Campus Quarantines

GETTY IMAGES

A woman wears a flu mask during the 1918 Spanish influenza pandemic.

When Northwestern sent students home in March because of the COVID-19 pandemic, it wasn’t the first time the school year had been interrupted due to a public health emergency.

1918–19

Northwestern Classical Academy Principal Thomas Welmers reported to the board in the spring of 1919 that the school had been closed for 15 days because of what was known as the Spanish flu. Welmers reported no deaths but much sickness among students.

There was no Beacon at the time, and archival information is limited, but it’s clear the Academy wasn’t spared from the pandemic that eventually claimed 675,000 lives in the U.S. and 50 million worldwide.

The U.S. Public Health Service (PHS) described the influenza as a “very contagious kind of ‘cold,’ accompanied by fever, pains in the head, eyes, ears, back or other parts of the body, and a feeling of severe sickness.” Symptoms often disappeared after a few days, but some patients developed pneumonia or meningitis that could become fatal.

Area newspapers reminded residents to “Cover up each cough and sneeze. If you don’t, you’ll spread disease.” They also shared this advice from the PHS: “It is very important that every person who becomes sick with influenza should go home at once and go to bed. This will help keep away dangerous complications and keep the patient from scattering the disease. No one but the nurse should be allowed in the room.”
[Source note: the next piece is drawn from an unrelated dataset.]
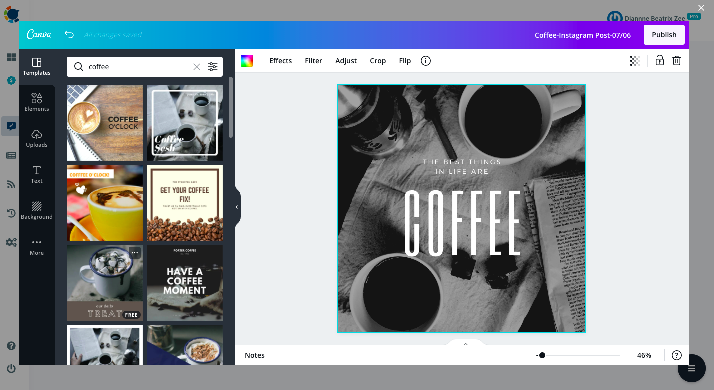 For example, if you run a coffee company, search for “coffee,” and Canva will provide you many ready-to-use templates.
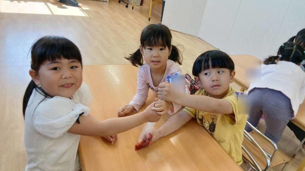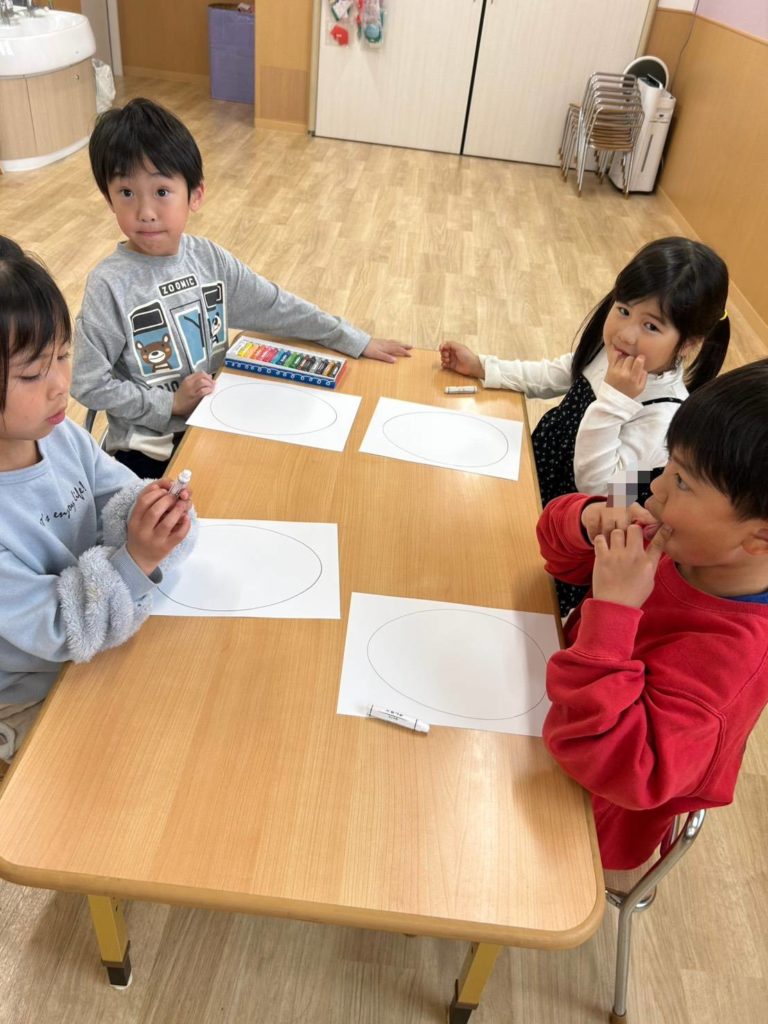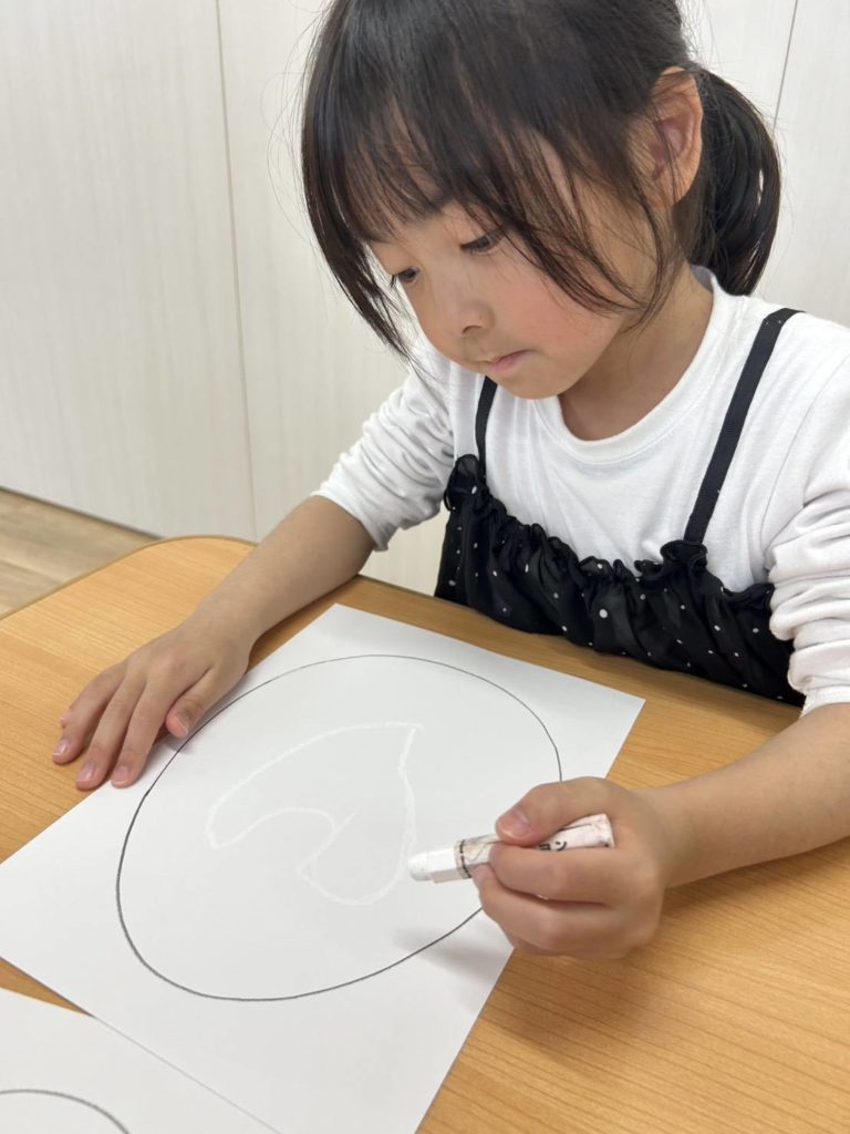たまごには白のクレヨンで絵を描いていましたが、意外に見えるよ!何を描いたでしょう〜!とグループで会話を楽しみながら取り組んでいました♪

The disease came in waves, with military camps often taking the worst hits. In one 12-hour period at Camp Dodge in Des Moines, 1,000 new cases were reported. Soldiers weren’t allowed to leave and visitors were banned, but civilian laborers performing construction at the camp kept working—and used crowded streetcars to get there. Des Moines schools, churches and places of amusement were closed for 18 days in October, and residents were required to wear face masks.

In Omaha, a similar public health order was released, with the public urged to refrain from kissing and using common drinking cups. Eventually nearly 1,200 people died from the disease in Omaha and 6,000 in the state of Iowa.

1930

Northwestern was closed for eight days in March 1930 due to scarlet fever, a bacterial infection that can occur after strep throat and is often accompanied by a high fever, headaches and a rash. Seven students became ill, according to the March 21, 1930, Beacon, which reported that they had to be “locked up” for 28 days.

A few weeks later, the April 14 Beacon gave this optimistic exhortation: “Only seven weeks of school left and then examinations. We surely are glad we didn’t need to close school again. We licked the scarlet fever—let’s lick our studies so they’ll be quarantined for three months.”